EXERCISE BRIEF
Each entry has to be given again in its exact wording, and no picture may appear in the result.

----

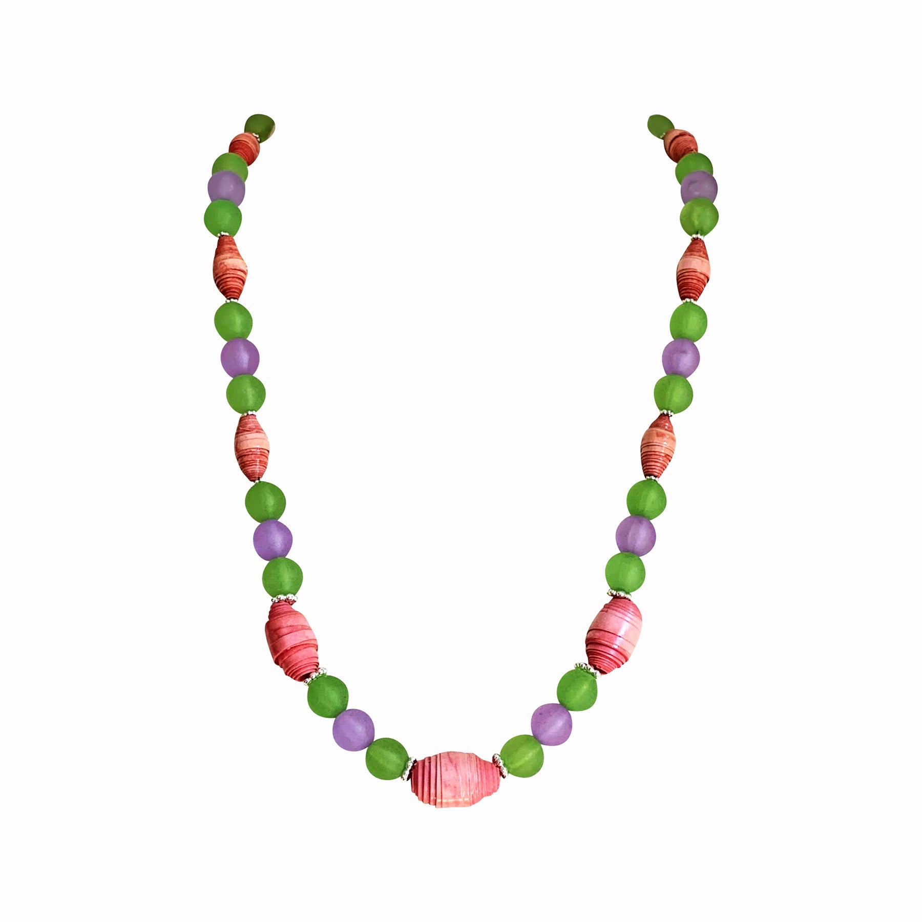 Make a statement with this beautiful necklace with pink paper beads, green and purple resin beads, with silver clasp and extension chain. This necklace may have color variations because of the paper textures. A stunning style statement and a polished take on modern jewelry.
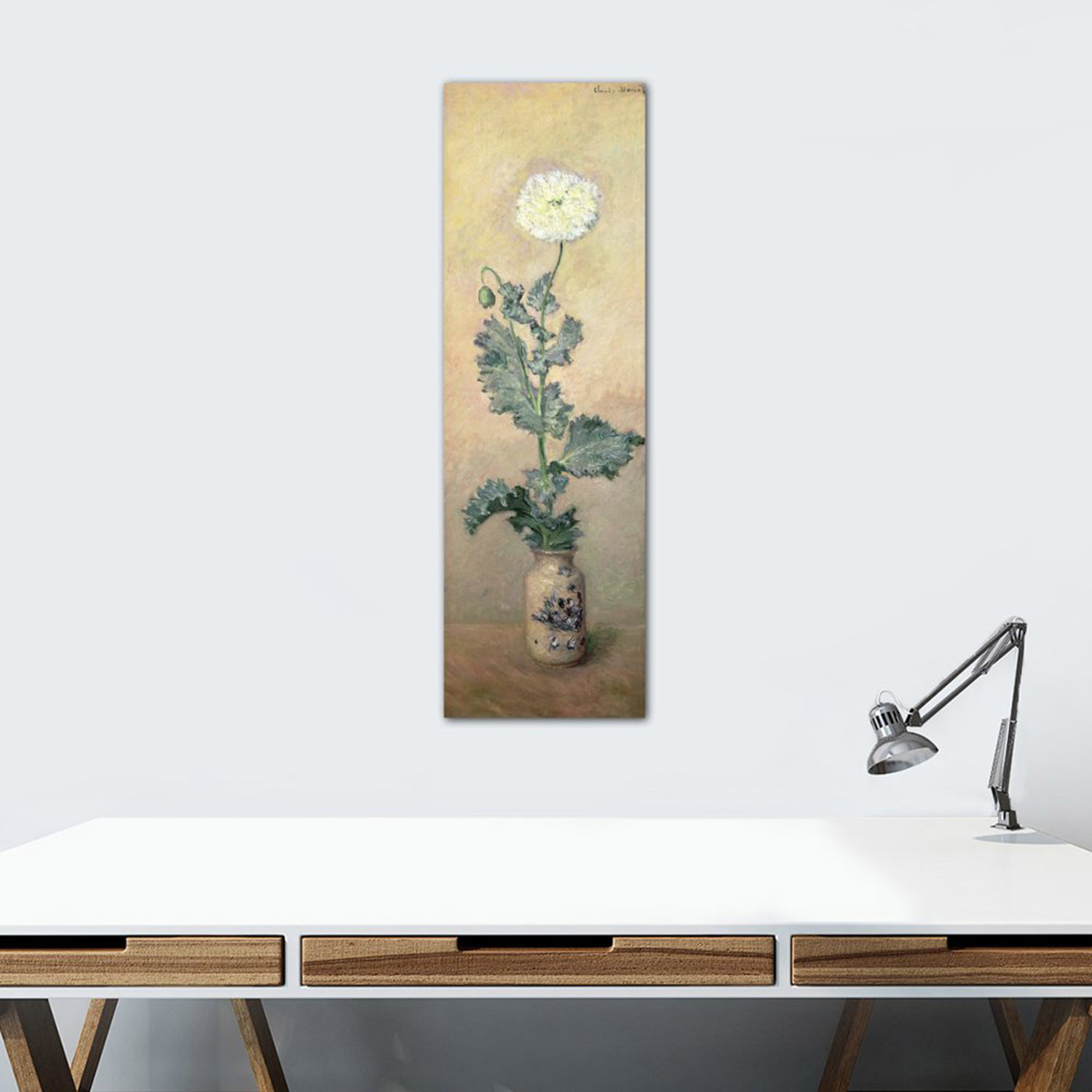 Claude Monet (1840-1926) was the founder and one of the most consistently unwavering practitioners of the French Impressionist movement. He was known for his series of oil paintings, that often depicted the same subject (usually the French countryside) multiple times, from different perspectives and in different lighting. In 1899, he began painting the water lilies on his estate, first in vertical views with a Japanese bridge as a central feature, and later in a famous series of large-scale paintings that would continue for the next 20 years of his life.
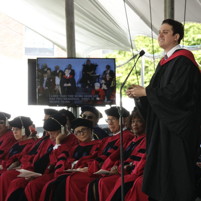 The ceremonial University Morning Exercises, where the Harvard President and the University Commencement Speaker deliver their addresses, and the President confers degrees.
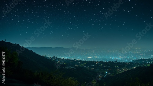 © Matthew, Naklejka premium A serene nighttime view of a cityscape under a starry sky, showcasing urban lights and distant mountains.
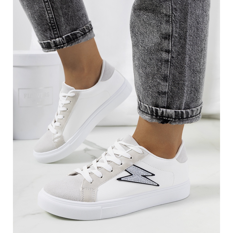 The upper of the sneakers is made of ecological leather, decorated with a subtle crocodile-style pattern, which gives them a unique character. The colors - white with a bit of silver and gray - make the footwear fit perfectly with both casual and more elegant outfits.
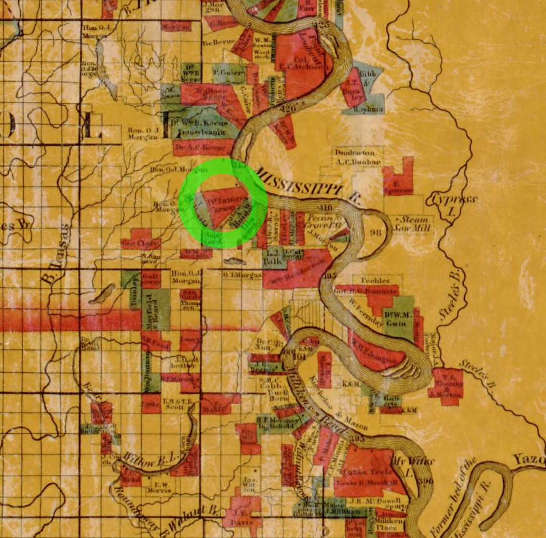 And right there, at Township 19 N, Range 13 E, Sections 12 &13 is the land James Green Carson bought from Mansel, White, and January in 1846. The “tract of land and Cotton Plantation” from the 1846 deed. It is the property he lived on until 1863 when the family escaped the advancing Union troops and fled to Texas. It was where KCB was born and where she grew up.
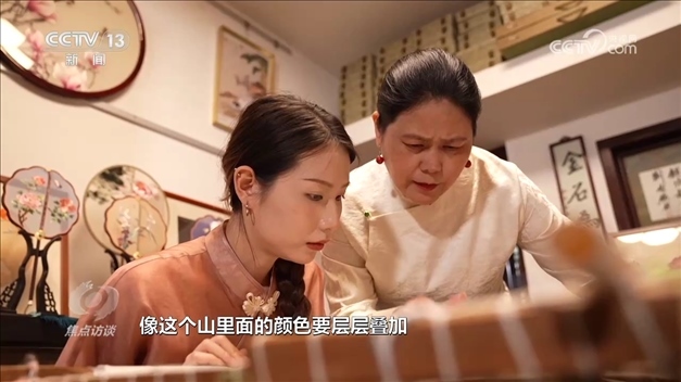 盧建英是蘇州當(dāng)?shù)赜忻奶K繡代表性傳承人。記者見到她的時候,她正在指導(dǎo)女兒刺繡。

----

EXERCISE SOLUTION
 Make a statement with this beautiful necklace with pink paper beads, green and purple resin beads, with silver clasp and extension chain. This necklace may have color variations because of the paper textures. A stunning style statement and a polished take on modern jewelry.
 Claude Monet (1840-1926) was the founder and one of the most consistently unwavering practitioners of the French Impressionist movement. He was known for his series of oil paintings, that often depicted the same subject (usually the French countryside) multiple times, from different perspectives and in different lighting. In 1899, he began painting the water lilies on his estate, first in vertical views with a Japanese bridge as a central feature, and later in a famous series of large-scale paintings that would continue for the next 20 years of his life.
 The ceremonial University Morning Exercises, where the Harvard President and the University Commencement Speaker deliver their addresses, and the President confers degrees.
 © Matthew, Naklejka premium A serene nighttime view of a cityscape under a starry sky, showcasing urban lights and distant mountains.
 The upper of the sneakers is made of ecological leather, decorated with a subtle crocodile-style pattern, which gives them a unique character. The colors - white with a bit of silver and gray - make the footwear fit perfectly with both casual and more elegant outfits.
 And right there, at Township 19 N, Range 13 E, Sections 12 &13 is the land James Green Carson bought from Mansel, White, and January in 1846. The “tract of land and Cotton Plantation” from the 1846 deed. It is the property he lived on until 1863 when the family escaped the advancing Union troops and fled to Texas. It was where KCB was born and where she grew up.
 盧建英是蘇州當(dāng)?shù)赜忻奶K繡代表性傳承人。記者見到她的時候,她正在指導(dǎo)女兒刺繡。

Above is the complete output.